REQUIRED WORK
Give back an exact copy of the lines below, from the first through the line with "JCPenny Home Studio"; please stop there.

Items from a dataset
=== Section Start ===
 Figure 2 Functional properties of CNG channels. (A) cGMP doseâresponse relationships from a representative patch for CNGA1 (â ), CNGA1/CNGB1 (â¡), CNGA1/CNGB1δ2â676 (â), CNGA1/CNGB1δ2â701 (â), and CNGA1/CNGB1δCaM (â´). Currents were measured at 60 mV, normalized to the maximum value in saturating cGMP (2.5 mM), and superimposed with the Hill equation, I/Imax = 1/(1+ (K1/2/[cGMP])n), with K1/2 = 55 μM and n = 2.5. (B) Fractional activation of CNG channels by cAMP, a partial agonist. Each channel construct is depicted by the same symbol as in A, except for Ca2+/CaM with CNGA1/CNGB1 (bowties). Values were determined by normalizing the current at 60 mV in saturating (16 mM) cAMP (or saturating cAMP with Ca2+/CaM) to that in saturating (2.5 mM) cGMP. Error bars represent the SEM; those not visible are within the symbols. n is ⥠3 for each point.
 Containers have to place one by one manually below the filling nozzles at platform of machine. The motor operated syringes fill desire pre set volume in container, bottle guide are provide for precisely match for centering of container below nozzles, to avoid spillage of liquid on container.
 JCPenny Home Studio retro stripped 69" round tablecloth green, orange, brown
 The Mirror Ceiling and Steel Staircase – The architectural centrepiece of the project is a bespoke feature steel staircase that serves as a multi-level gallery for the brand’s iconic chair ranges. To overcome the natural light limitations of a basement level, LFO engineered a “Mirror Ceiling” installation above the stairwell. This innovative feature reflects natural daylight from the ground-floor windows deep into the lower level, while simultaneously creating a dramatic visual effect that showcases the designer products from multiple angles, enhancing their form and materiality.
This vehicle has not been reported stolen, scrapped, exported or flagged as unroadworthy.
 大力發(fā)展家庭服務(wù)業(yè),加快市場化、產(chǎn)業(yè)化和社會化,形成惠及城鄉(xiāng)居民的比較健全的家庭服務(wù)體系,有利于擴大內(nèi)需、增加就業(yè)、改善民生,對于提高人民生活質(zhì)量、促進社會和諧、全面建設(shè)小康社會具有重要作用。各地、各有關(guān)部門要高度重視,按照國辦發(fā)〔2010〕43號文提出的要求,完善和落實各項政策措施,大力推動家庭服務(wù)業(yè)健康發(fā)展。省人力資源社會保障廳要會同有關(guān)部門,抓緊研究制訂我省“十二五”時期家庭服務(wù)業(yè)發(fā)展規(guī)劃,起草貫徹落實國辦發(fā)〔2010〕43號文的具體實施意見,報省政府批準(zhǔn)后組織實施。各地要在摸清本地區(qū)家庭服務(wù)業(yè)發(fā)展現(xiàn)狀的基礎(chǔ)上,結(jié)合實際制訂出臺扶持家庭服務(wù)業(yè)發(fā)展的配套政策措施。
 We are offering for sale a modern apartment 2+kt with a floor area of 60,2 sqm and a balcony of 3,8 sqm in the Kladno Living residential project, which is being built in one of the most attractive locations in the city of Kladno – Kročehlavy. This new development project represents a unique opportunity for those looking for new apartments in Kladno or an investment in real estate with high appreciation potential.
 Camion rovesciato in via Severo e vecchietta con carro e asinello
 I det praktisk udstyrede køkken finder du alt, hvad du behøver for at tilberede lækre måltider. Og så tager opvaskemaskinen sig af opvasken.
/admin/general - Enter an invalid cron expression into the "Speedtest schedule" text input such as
=== Section End ===
WRITTEN REPLY
 Figure 2 Functional properties of CNG channels. (A) cGMP doseâresponse relationships from a representative patch for CNGA1 (â ), CNGA1/CNGB1 (â¡), CNGA1/CNGB1δ2â676 (â), CNGA1/CNGB1δ2â701 (â), and CNGA1/CNGB1δCaM (â´). Currents were measured at 60 mV, normalized to the maximum value in saturating cGMP (2.5 mM), and superimposed with the Hill equation, I/Imax = 1/(1+ (K1/2/[cGMP])n), with K1/2 = 55 μM and n = 2.5. (B) Fractional activation of CNG channels by cAMP, a partial agonist. Each channel construct is depicted by the same symbol as in A, except for Ca2+/CaM with CNGA1/CNGB1 (bowties). Values were determined by normalizing the current at 60 mV in saturating (16 mM) cAMP (or saturating cAMP with Ca2+/CaM) to that in saturating (2.5 mM) cGMP. Error bars represent the SEM; those not visible are within the symbols. n is ⥠3 for each point.
 Containers have to place one by one manually below the filling nozzles at platform of machine. The motor operated syringes fill desire pre set volume in container, bottle guide are provide for precisely match for centering of container below nozzles, to avoid spillage of liquid on container.
 JCPenny Home Studio retro stripped 69" round tablecloth green, orange, brown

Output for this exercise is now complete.